Benjamin Bear – Fuzzy Thinking and surreal visual puzzles….
Benjamin Bear in Fuzzy Thinking
By Philippe Coudray
Oooh, this is very interesting. It’s a Toon Book, full of simple language, designed for US Grades 1-2 (6 and 7-year olds), short sentences, lots of repetition, a simple set of characters, and just a few uncomplicated panels per page.
And it’s as lovely as all the Toon Books have been, a perfectly sized hardcover, just right for little hands. Featuring a bear, and a rabbit, and a few other characters.
There are small adventures here to be discovered, in a collection that’s a series of single page comic strips. Some are simple little sweet and funny moments.

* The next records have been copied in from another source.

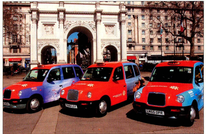
Seen outside Marble Arch in London's West End, three of the 21 taxis that are spearheading the Swiss Travel Centre's aggressive campaign to maximise the number of Brits taking holidays in Switzerland

Switzerland Tourism is ramping up its marketing to boost even further the appeal
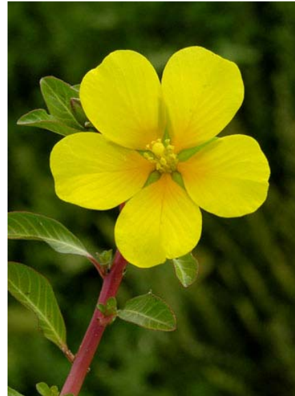
Yellow Water Primrose Ludwigia peploides ssp. peploides Native Perennial Evening Primrose Family
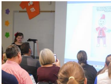
Goal 1: Increase Student Achievement
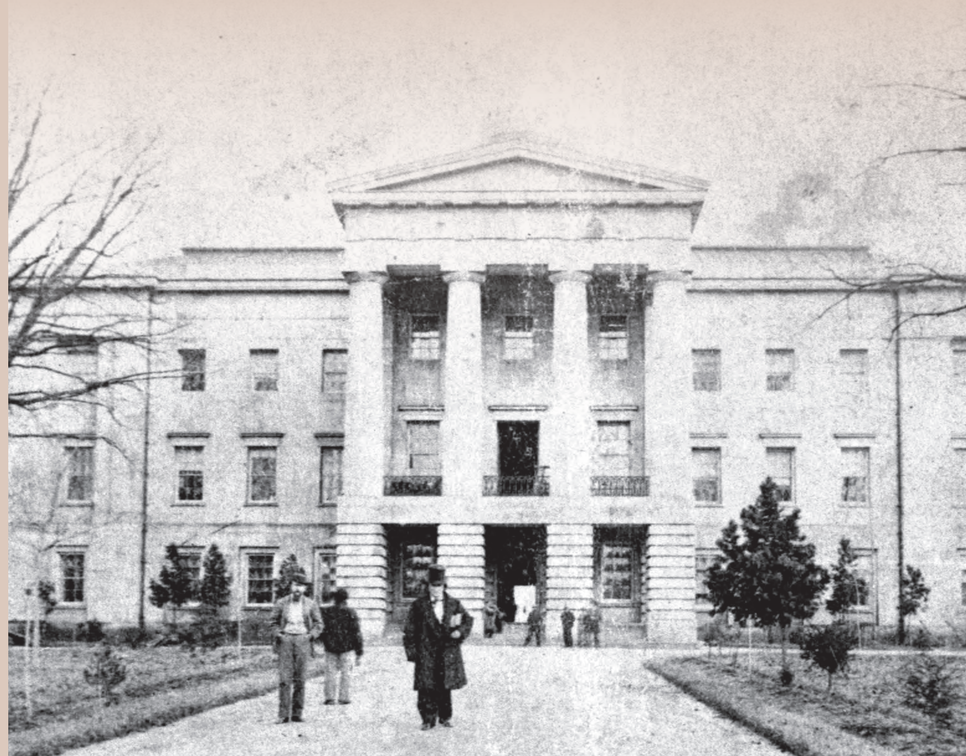
North Carolina State Capitol, 1861.

Others use little visual gags to get the reader’s attention:
But what makes Benjamin Bear truly interesting, and unique amongst the Toon Books series so far is just how inventive, how strangly surreal some of Coudray’s strips are. So many of them deliver gentle punchlines that require no small amount of interesting thinking, especially when you consider the target audience.

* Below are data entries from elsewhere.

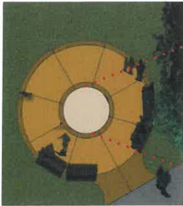
Plan View - Site

LOCATION - Celebration Cultural Trail In-Ground Art
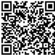
Scan to watch the podcast on YouTube

A new episode of the podcast will be aired every 2 weeks on YouTube, and then shared across communication channels of Filmore Development and Vietcetera ■
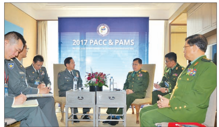
Vice-Senior General Soe Win holds talks with General Koji Yamazaki.

In the meeting, Vice-Senior General Soe Win spoke of the friendship and military cooperation between the two armies, the Tatmadaw’s participation in Myanmar’s democratic transition
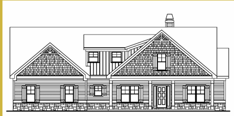
BENSON B XL

Base Price: $515,800 2,977 sqft 4 Beds 3 Baths
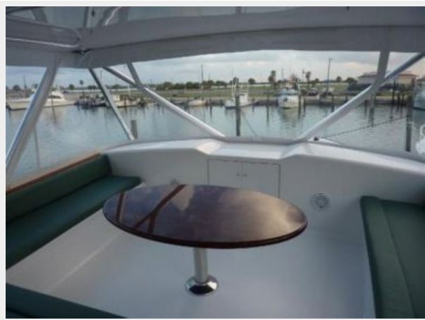
Flybridge Seating and Table

Not that this is a problem, I’ve no qualms in saying a lot of children will love this, but some will “get” it for the cute characters and fun they have, but others will really “get” it and see the inherent weirdness in something like this:
The understanding to make this work, when you actually think about it, is quite complex. Talking animals give it fun and the cuddly bear is cute. But to grasp why the bird and the fish swap places once underwater requires the understanding that turning the fish tank upside down traps air inside, allowing the air breathing bird to survive, whilst the fish is at home in the open bird cage as it can live in the water.
Will a 6 year old get this? I don’t know (hopefully we’ll find out soon at school with some test readings). Will they enjoy it whatever their complex understanding? Absolutely. And that is the beauty of the book. It’s as complicated and involved as a child wants it to be. Nicely done.

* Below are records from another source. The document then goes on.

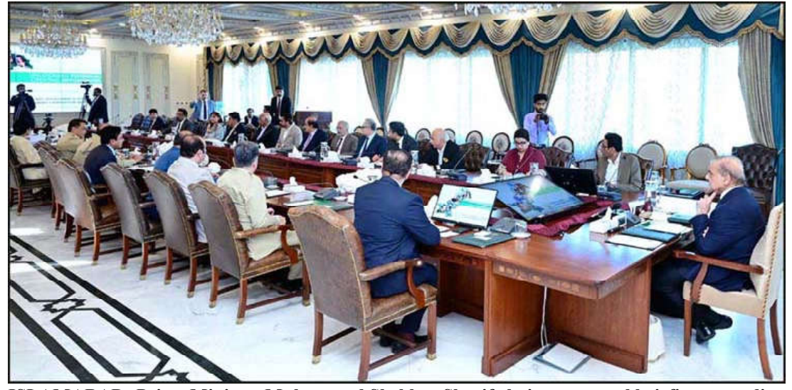
ISLAMABAD: Prime Minister Muhammad Shehbaz Sharif chairs a sectoral briefing regarding NAVTTC and Ministry of Overseas Pakistanis and Human Resource Development.

elevate the quality of Pakistan's technical manpower and human resource development. He called for establishing an integrated system of regulating the manpower equipped with the best and world-class professional technical skills. Besides, in coordination with NADRA.
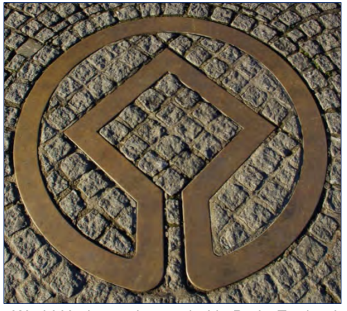
World Heritage site symbol in Bath, England.

However, the Convention does not leave the protection of world heritage to the international community alone. Instead, the Convention places the primary responsibility for protecting and conserving each World Heritage property on the state where that property is situated, <sup>59</sup> and requires each state to "do all it
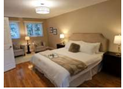
Pic. 14: Master bedroom
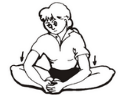
17. Adductor Stretch (push down with elbows on knees very gently, keep back straight)

MORNING HOMEWORK – this is the minimum and children can do more. Be Very Careful as doing wrongly can cause damage.

There’s part of me that thinks that this, with very few changes could just as easily be an alternative comix collection as a Toon Books comic. Each strip piles on the visual and verbal surreality, there’s so much going on in each strip, even a little self-referential stuff going on…
All in all, Benjamin Bear is rather a puzzle, or perhaps a better description would be a series of visual puzzles, all waiting to be deciphered by a young mind. I think they’ll adore the book, no matter what their exact level of understanding.